[Records from a data collection]
((

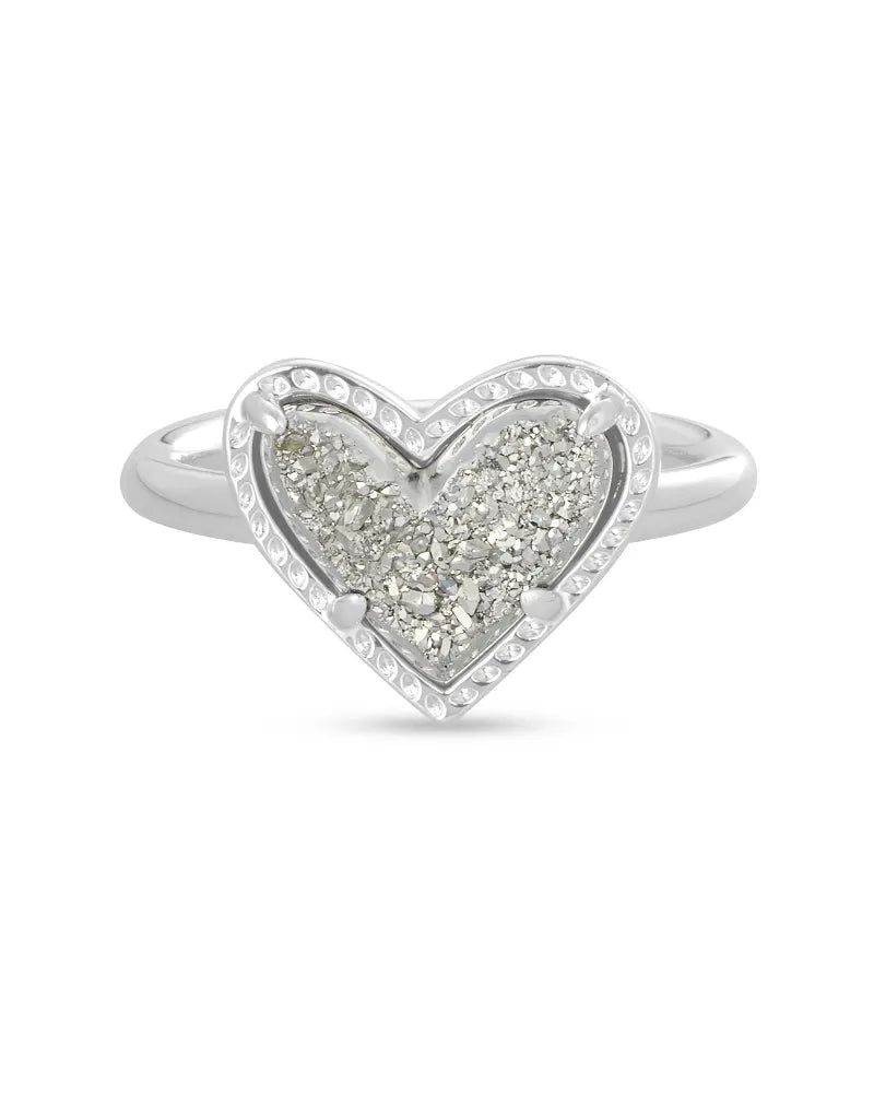 What's not to love about the Ari Heart Silver Band Ring in Platinum Drusy, defined by an asymmetrical design of one of the world's most iconic symbols?
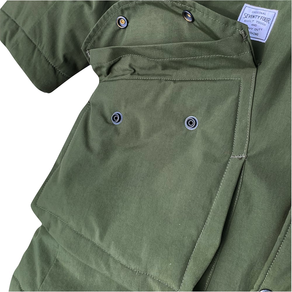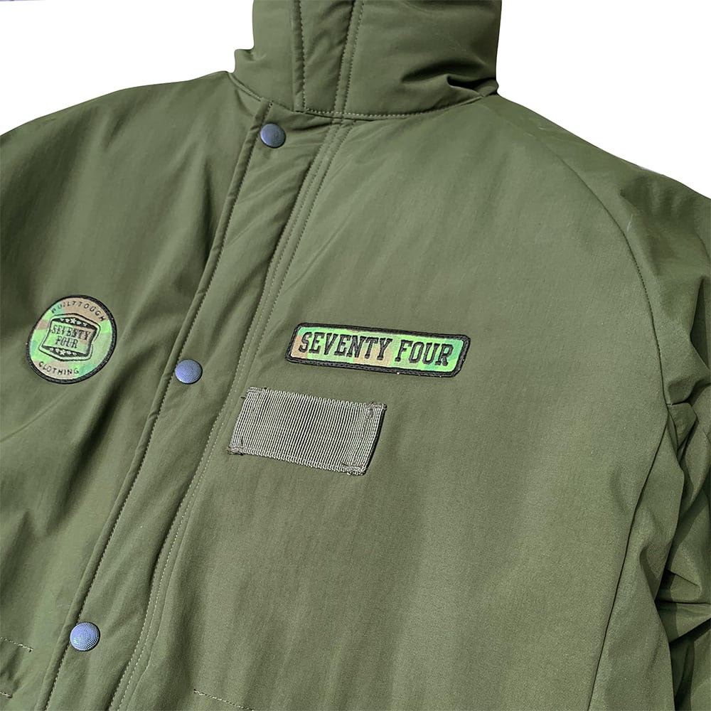 フロントにはSEVENTY FOURロゴ刺繍ワッペンが施されております。
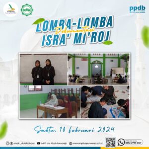Sabtu, 10 Februari 2024 SMPIT Ulul Albab Purworejo memiliki Agenda Perlombaan di Hari Serangkaian Peringatan Isra Mi’raj. Peserta lomba ialah siswa siswi SMPIT Ulul Albab Purworejo.
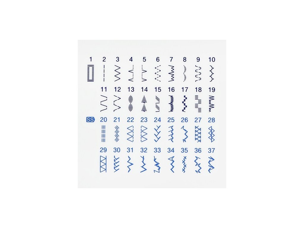 - 37 šijacích programov vrátane overlockových, pružných a dekoračných stehov
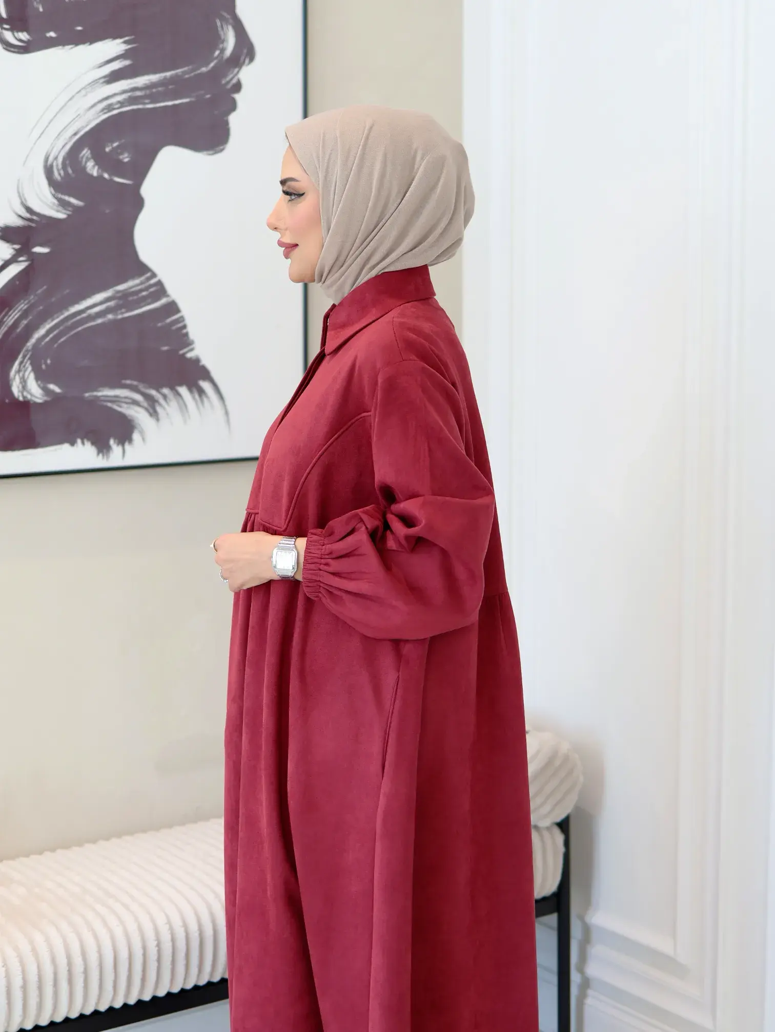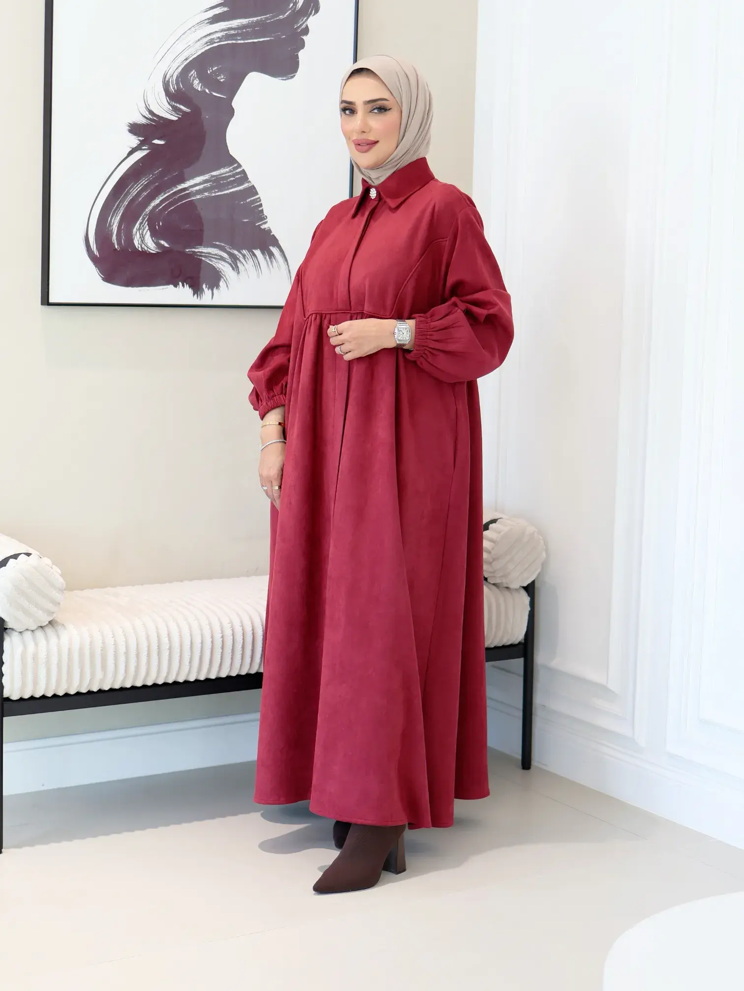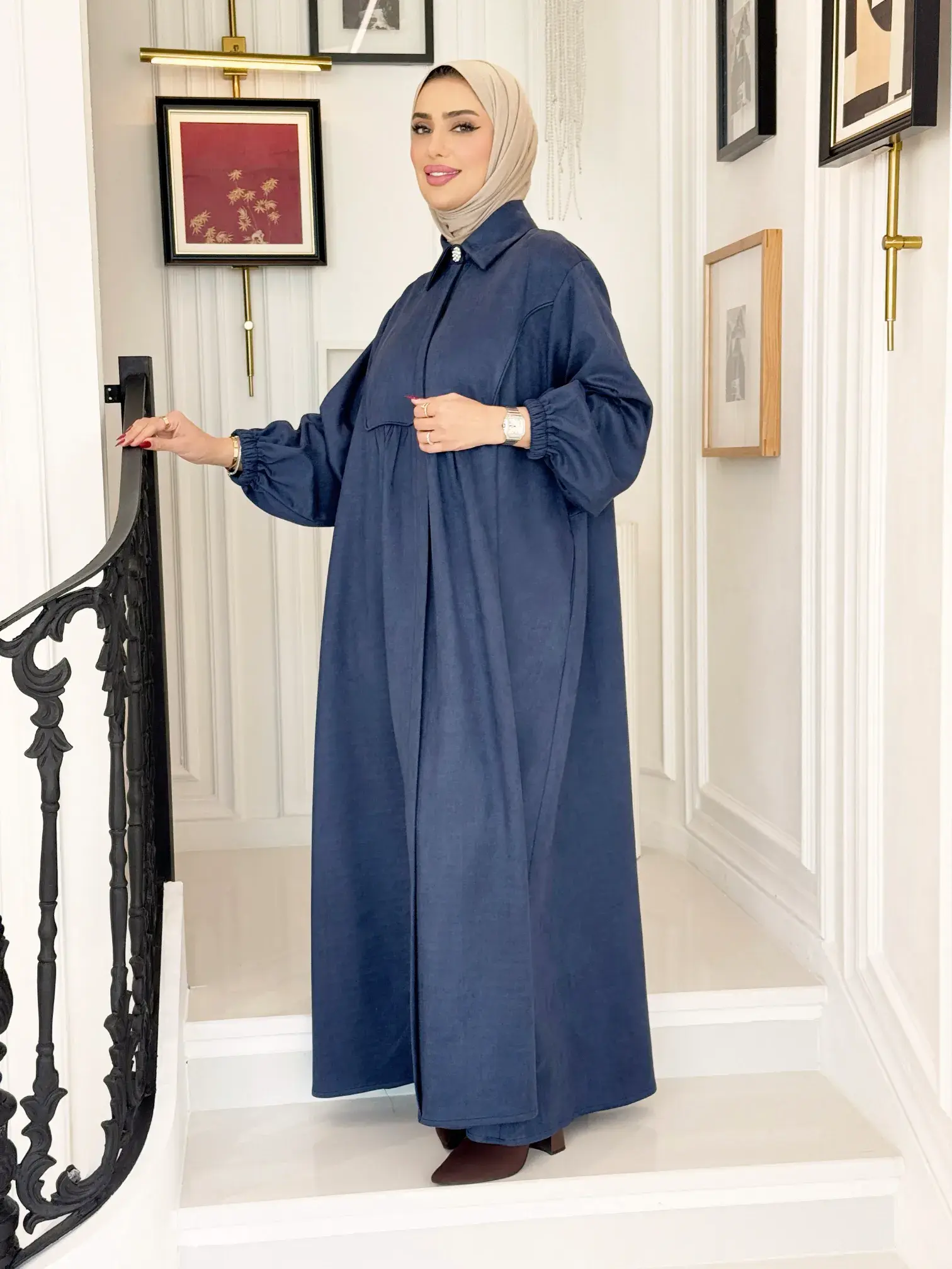 الرئيسيةفستان بتصميم عصريفستان بتصميم عصريبلاك وايت0الوصففستان نسائي أنيق من الشامواه المريح، يتميز بتصميم عصري وبسيط مع زر كرستالة عند الياقة يمنحك إطلالة أنيقة ومريحة في آن واحداللونبيجكحليعنابياسود

))

> EXERCISE PROMPT
Every line from the one with "Sabtu, 10 Februari" through the end of the records is to be reproduced exactly, and the pictures are to be left out.

> SOLUTION BELOW
Sabtu, 10 Februari 2024 SMPIT Ulul Albab Purworejo memiliki Agenda Perlombaan di Hari Serangkaian Peringatan Isra Mi’raj. Peserta lomba ialah siswa siswi SMPIT Ulul Albab Purworejo.
 - 37 šijacích programov vrátane overlockových, pružných a dekoračných stehov
 الرئيسيةفستان بتصميم عصريفستان بتصميم عصريبلاك وايت0الوصففستان نسائي أنيق من الشامواه المريح، يتميز بتصميم عصري وبسيط مع زر كرستالة عند الياقة يمنحك إطلالة أنيقة ومريحة في آن واحداللونبيجكحليعنابياسود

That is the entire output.